Thanks for pointing this out. Could you please raise a bug report for
this on the SF tracker?
> === ./Crypto/Profile/Base.pm ===
...
> I presented a client certificate to it. Examining more closely the
> netscape certificate type field (and after endless searching for
> openssl error codes) I found out that there were certificate types
> set which must not be set for a server sertificate to fulfil its role.
> It must be either not set or have the server bit set.

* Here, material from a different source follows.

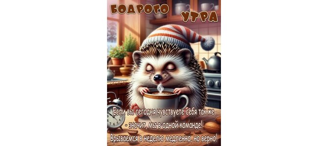 Теги:доброеутро, позитив, бодрого утра, начало недели, кофе, ежик

> Examinig the certificate issuance debug logs I found that the XML
> file was nor parsed correctly, so I copied the "space eliminator":
> $bit =~ s/\s+//g; from elsewhere ;-)
Please note that using Netscape extensions is nowadays no longer
necessary. You should use the corresponding Key Usage and Extended
Key Usage extensions (see RFC 3280) which cover all required cases
nicely. If used properly, Apache/mod_ssl will accept certificates
without any netscape extension. The stock OpenXPKI sample profiles
should come with usable TLS Server and TLS Client profiles.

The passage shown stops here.